Belirleyici olan AB ve ABD'nin
durumu Doğu Asya'da ekonomik büyümenin
2012 ve 2013 yıllarında yüzde 6,9 oranına düşmesinin beklendiği bildirilen
raporda, bölgenin en büyük ekonomisi olan Çin'deki ekonomik büyümenin de yüzde
9,3'den 2012'de yüzde 8,7'ye düşmesinin öngörüldüğü kaydedildi.

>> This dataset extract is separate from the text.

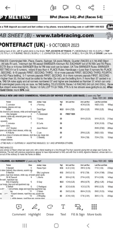 We hear from Candice re: runners for entire race meeting .....
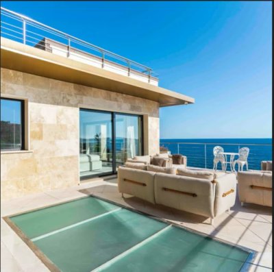 Cette villa moderne avec vue mer spectaculaire est située dans le quartier résidentiel de Cap d'Ail et à seulement quelques mètres de la mer, à proximité de la Principauté de Monaco, sur un terrain de 2690 m² entouré d'un charmant jardin avec de nombreuses arbres, belles plantes et fleurs.

Raporda Güney Asya, Latin Amerika ve Karayip
bölgelerinin durumunun büyük oranda AB ve ABD ekonomilerinin durumuna bağlı
olduğu, çünkü AB ve ABD'nin bu bölgelerin en büyük ihracat pazarları ve turizm
gelir kaynakları olduğuna işaret edildi. Raporda Latin Amerika'nın önemli
yatırımcısı olan Çin'in ekonomik yavaşlamasının, Güney Amerika bölgesini de
olumsuz etkileyeceği vurgulandı. Raporla ilgili
olarak Meksika'da düzenlenen basın toplantısında konuşan BM ekonomisti Rob Vos,
''Avrupa ve ABD'de ekonomik durumun daha da kötüye gitme riski arttı. Bu yüzden
Güney Amerika ve Karayip ekonomileri bundan büyük zarar görecek ve ekonomik
büyümeleri yüzde 1'in altına düşebilecek. ABD ekonomisinin durumundan dolayı
Brezilya ve Meksika durgunluğa gidiyor'' diye konuştu.
Türkiye
Raporda Türkiye 'Batı Asya' coğrafi
bölgesinde yer aldı ve 2011 yılının ikinci yarısında güçlü ekonomik
faaliyetlerin biraz zayıfladığı, ekonomik büyümedeki ivmenin yavaşladığı, bu
yavaşlama eğiliminin 2012 yılında da süreceği, enflasyonun ise artmasının
öngörüldüğü belirtildi. 2011 yılında Türkiye'nin cari açığının GSYH'nın yüzde
10'una kadar genişlediği de anımsatıldı. Raporda, Türkiye'deki ekonomik
büyümenin 2012 yılında yüzde 3,2 oranında, 2013 yılında ise yüzde 5,4 oranında
olacağı öngörüsünde bulunuldu. Diğer
belli başlı bölgeler ve ülkelerdeki oranlar
Büyüme oranlarının AB ülkeleri için 2012
yılında yüzde 0,7, 2013 yılında 1,7; gelişmiş ülkeler için 2012'de yüzde 1,3,
2013'de ise yüzde 1,9; gelişmekte olan ülkeler için 2012 yılında yüzde 5,6, 2013
yılında 5,9 oranında olmasının öngörüldüğü kaydedildi. Raporda, ABD'nin
ekonomik büyümesinin 2012 yılında yüzde 1,5, 2013 yılında yüzde 2, en fazla
büyümenin kaydedildiği Çin'de ise ekonomik büyümenin 2012 yılında yüzde 8,7,
2013'te ise yüzde 8,5 oranında olacağı öngörüldü.